Early on, the poets Goethe and Heine compared him to Mozart; Goethe spoke with considerable authority and experience, for in 1763 he had witnessed the young Mozart playing a harpsichord with his hands covered by a cloth and effortlessly identifying the pitches of clocks and glasses.
Goethe’s first encounter with Mendelssohn came in 1821, when the 12-year-old, accompanied by his composition teacher Zelter, travelled to Weimar to meet him.
First, the boy was asked to improvise on a popular song, and produced a contrapuntal fantasy one spectator likened to a “turbulent, lustrous parliament of tones.” Then he performed on Goethe’s Viennese Streicher piano (still on view today at the Goethehaus in Weimar) a Bach fugue, the minuet from Mozart’s Don Giovanni, and the Overture To The Marriage Of Figaro.
Next, Goethe asked him to sight-read a Mozart autograph, and when the boy dispatched that task with ease, “as though he had known the work for a year”, returned from his study with a more daunting autograph, this one in Beethoven’s hieroglyphic-like hand – its indecipherable scrawls admittedly gave the trial candidate some pause.
After Goethe heard some of Mendelssohn’s own compositions, including a piano quartet, he declared his judgement to Zelter: “What your pupil already accomplishes bears the same relation to the Mozart of that time, that the cultivated talk of a grown-up person does to the prattle of a child.”
What gives force to Goethe’s judgment is, first, the extraordinary range of Mendelssohn’s musical talents—he was a pianist, organist, conductor (one of the first to use a baton), violinist and viola player and, of course, a composer who matured at an astonishing rate.
At 12 he produced the 200-page full score of his first opera, without assistance from Zelter, and by age 16 and 17 respectively, finished his first two masterpieces, the Octet and Midsummer Night’s Dream Overture.
But what set Mendelssohn apart from the most gifted musical prodigies, Mozart included, was the astonishing range of his intellect – a polyglot, he was fluent in German and French, and later in life, English, and he read Latin and Greek; he was a poet who crafted some of the texts of his own songs, and a skilled draughtsman and painter who produced landscapes of a professional calibre.
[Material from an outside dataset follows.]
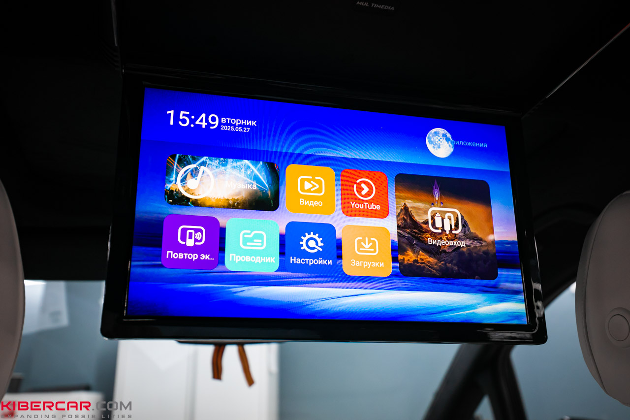 GAC M8 – полноценный минивэн для большой семьи или коммерческого использования. У него целых 7 посадочных мест, одно водительское и 6 пассажирских. Чтобы такой большой компании было не скучно в дороге, нужно продумать, чем именно ее развлечь. Для этой цели отлично подходит потолочный монитор на базе ОС Android.

Finally, as a virtuoso pianist and organist, Mendelssohn’s exploits were legendary. His keyboard technique was of a refined brilliance, in the school of Hummel and Carl Maria von Weber. He did not pursue the athletic prowess of Liszt, but he was nevertheless capable of dazzling displays of virtuosity, and could improvise on demand quaodlibets on several different themes, as Queen Victoria witnessed years later.